Липкина определили в «гумилёвскую» мансарду, и жизнь его влилась в коктебельский ритм: «Завтрак. Свежее, цвета топлёного молока, масло, горячий домашний хлеб, чай. За столом собралось человек пятнадцать. Кроме знакомых мне супругов Тарловских и Шенгели — Алексей Толстой, профессор Десницкий из Ленинграда, литературовед, тоже литературовед, тоже ленинградец, Мануйлов, поэтесса Звягинцева, с которой на всю жизнь подружился, переводчица Рыкова, две женщины, имена которых забыл, — высокие, плоскогрудые, седые, стриженные по-мужски, как потом оказалось, отличные пловчихи. Во главе стола сидел Волошин, напротив — его жена Марья Степановна, маленькая, остроглазая. Меня представили Волошину. Он показался мне похожим на памятник первопечатнику Фёдорову». Разговор шёл о том о сём, обсуждались московские новости. Негодовали по поводу и вышучивали «рапповских зловещих невежд». Волошин, казалось, относился ко всему добродушнее, чем его окружение. Но вскоре стало ясно: он немного играет, успокаивая себя, умиротворяя других.
Вечером Алексей Толстой читал свой рассказ «День Петра». Слушали, пили отузское вино, восхищались рассказом. Никто не осмелился на критические замечания. Только Волошин сказал: «Алихан, ты удивительно талантлив, какой огромный писатель вышел бы из тебя, если бы ты был образован». Липкин подумал: «Если уж Алексей Толстой мало образован, то что сказать о таких, как я?»
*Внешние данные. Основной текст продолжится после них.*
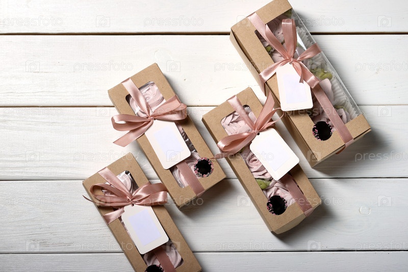 Четыре коробки домашнего зефира. Зефирные цветы. Крафтовая упаковка, перевязанная лентой. Метка с текстовым полем. Выстрел сверху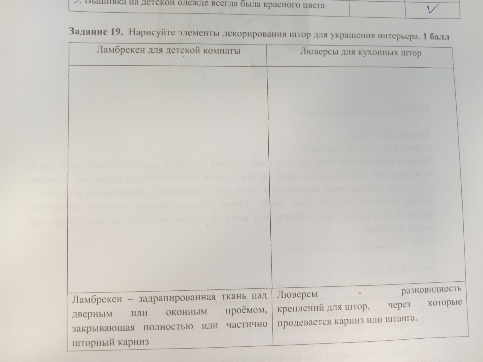Для выполнения задания необходимо нарисовать элементы декорирования штор: ламбрекен для детской комнаты и люверсы для кухонных штор.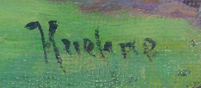MAX KUEHNE (American, 1880-1968)” GLOUCESTER MORNING”. Oil on canvas panoramic view of Gloucester Harbor showing docks with ships, boats and buildings. The distant skyline of Gloucester with church steeples and houses. Several figures walk along the edge of the harbor in the foreground. Signed lower right “Kuehne”. Titled and signed on reverse. Housed in a fine carved wood and gilt replacement frame. SIZE: 20-1/2″ x 24″. CONDITION: Very good with inpainting. 9-97020 (25,000-35,000)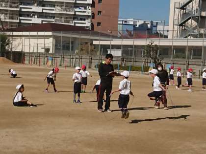 1年生の体育では、なわとびのテストを行いました。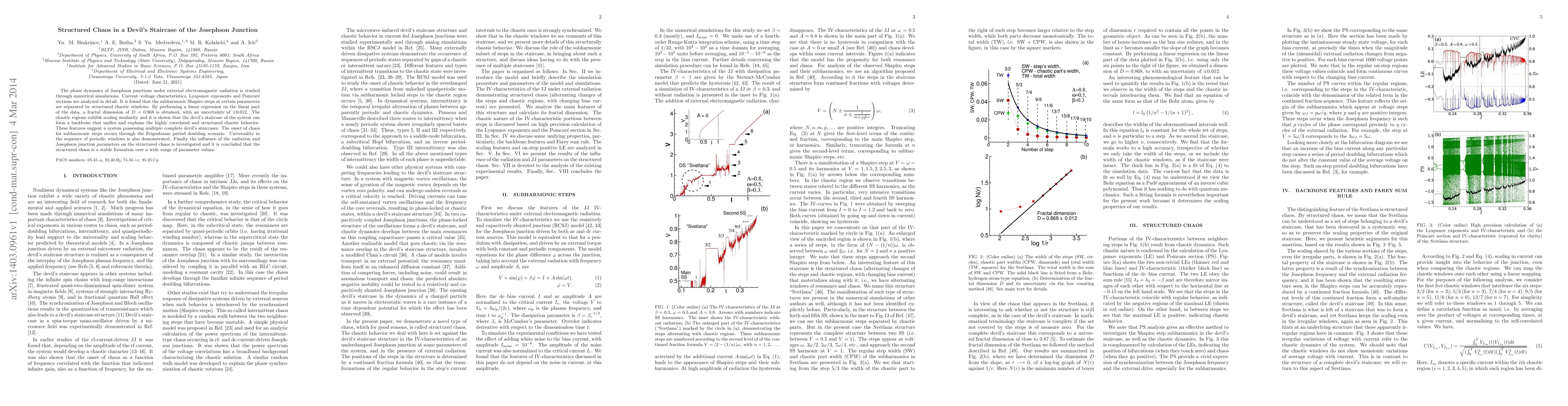The phase dynamics of Josephson junctions under external electromagnetic radiation is studied through numerical simulations. Current-voltage characteristics, Lyapunov exponents and Poincare sections are analyzed in detail. It is found that the subharmonic Shapiro steps at certain parameters are separated by structured chaotic windows. By performing a linear regression on the linear part of the data, a fractal dimension of D = 0.868 is obtained, with an uncertainty of +-0.012. The chaotic regions exhibit scaling similarity and it is shown that the devil's staircase of the system can form a backbone that unifies and explains the highly correlated and structured chaotic behavior. These features suggest a system possessing multiple complete devil's staircases. The onset of chaos for subharmonic steps occurs through the Feigenbaum period doubling scenario. Universality in the sequence of periodic windows is also demonstrated. Finally the influence of the radiation and Josephson junction parameters on the structured chaos is investigated and it is concluded that the structured chaos is a stable formation over a wide range of parameter values.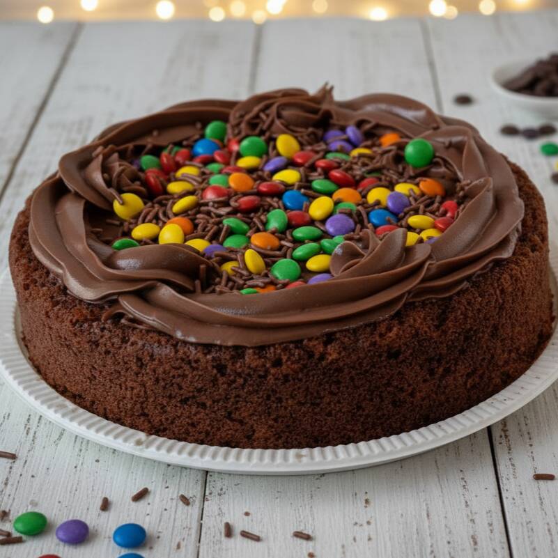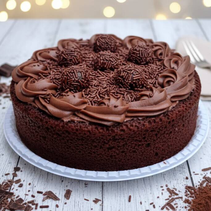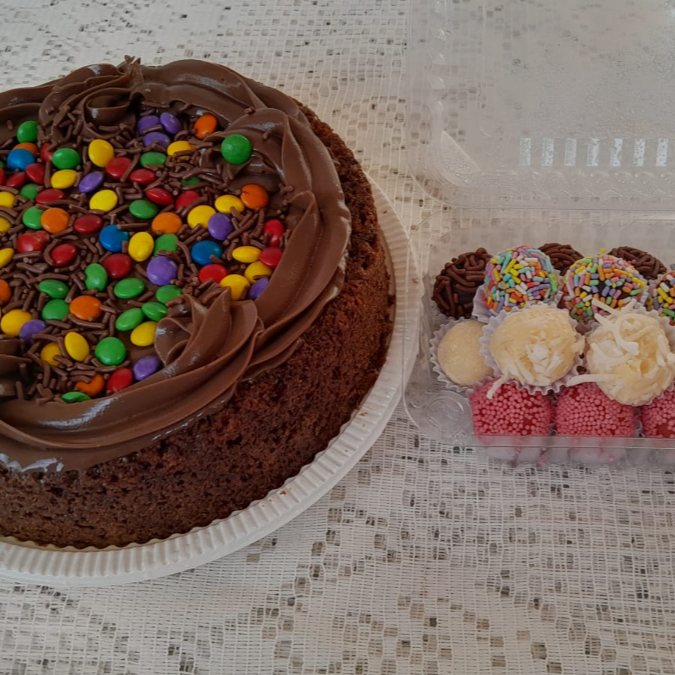 Nosso delicioso bolo caseiro de Chocolate com brigadeiro. Um bolo super macio e molhadinho de chocolate com um recheio piscininha de chocolate cremoso e decorado com docinhos.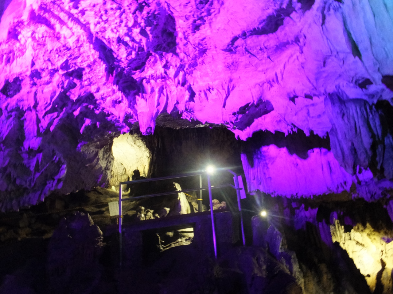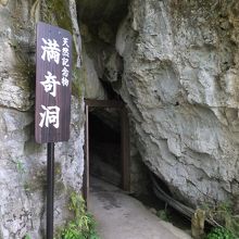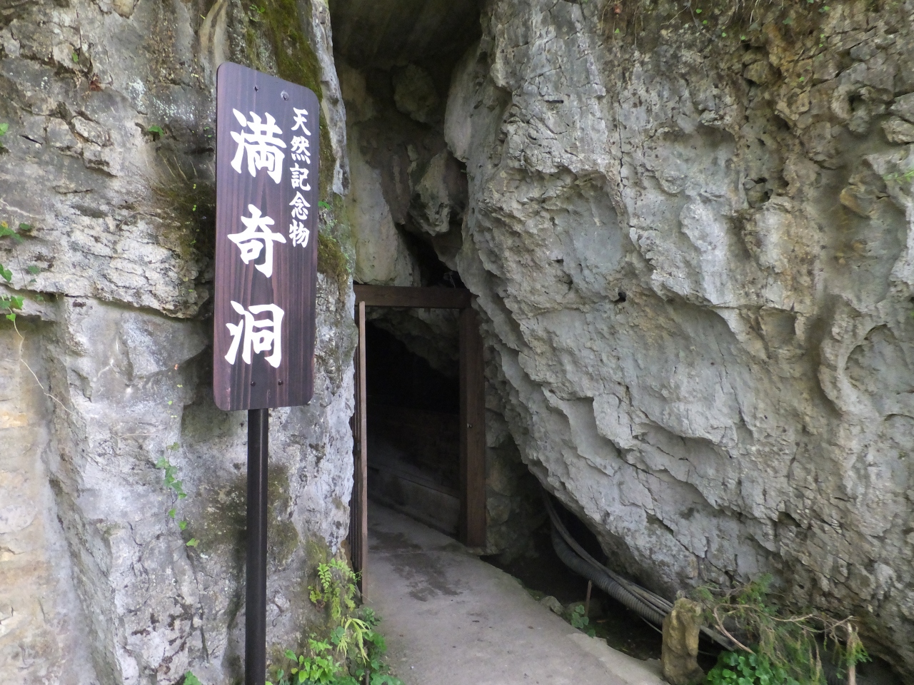 井倉洞へ行く前に寄りました。満奇洞への直前は車の対向が困難な細い区間ですが,ゴールデンウィークということもあって警備員の方が立っていて,区間に一方向ずつ車をいれていました。駐車場降りたあと,洞窟入口までは急な坂になっています。洞窟の中はきれいにライトアップされています。途中洞窟の高さが低くなっているところもあり腰をかがめて進むようになります。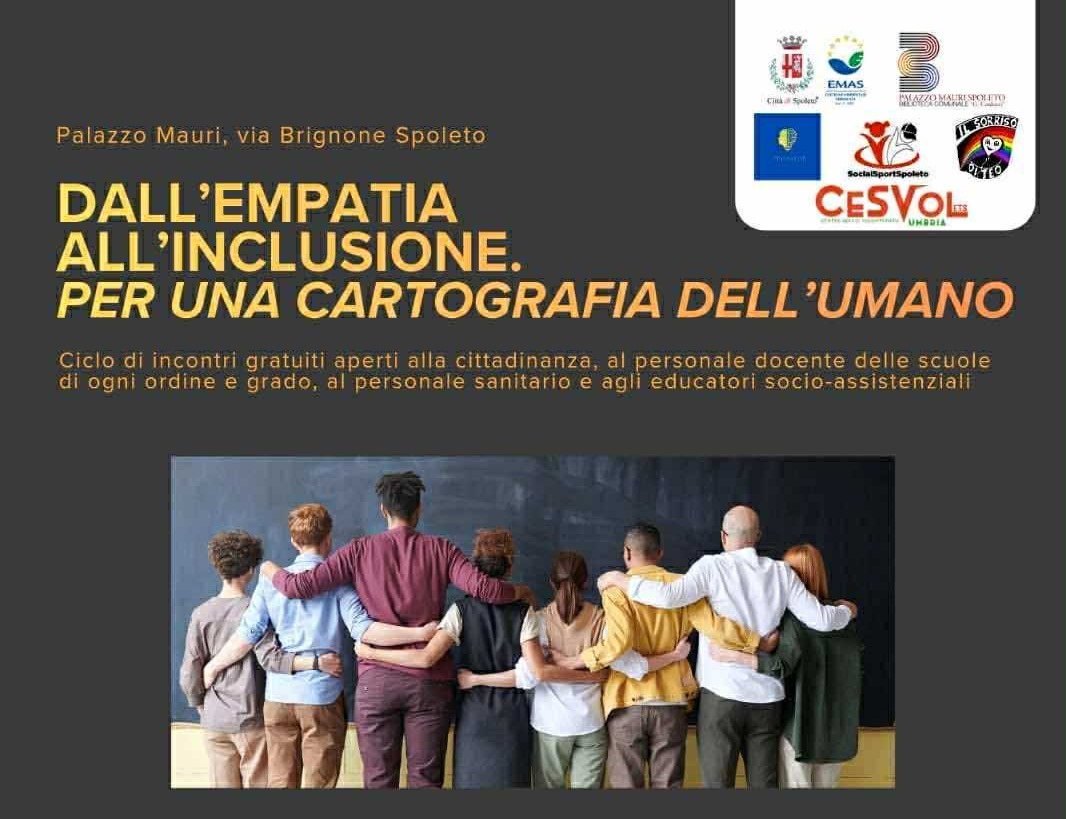 Il 21 Novembre prenderà il via presso Palazzo Mauri un ciclo di incontri mensili dal titolo “Dall’empatia all’inclusione. Per una cartografia dell’umano”, iniziativa ideata e organizzata dal PhenoLab (referente scientifico del ciclo di incontri) in collaborazione con il Comune di Spoleto, Social Sport Spoleto e Il sorriso di Teo, e patrocinata dal Cesvol (Centro Servizi Volontariato) Umbria.

Понемногу начинающий поэт стал осваиваться в «обормотской» жизни, понял, на чём основывалась здешняя экономика: «Против дома, к тополю, рядом с рукомойником, был прибит ящик, вроде почтового, самодельный. В него каждый опускал деньги — кто сколько сможет. На этих деньгах держалось хозяйство, и кое-что оставалось на зиму». Ну а Толстой, уезжая, мог оставить, с «графского» плеча, весьма солидную сумму.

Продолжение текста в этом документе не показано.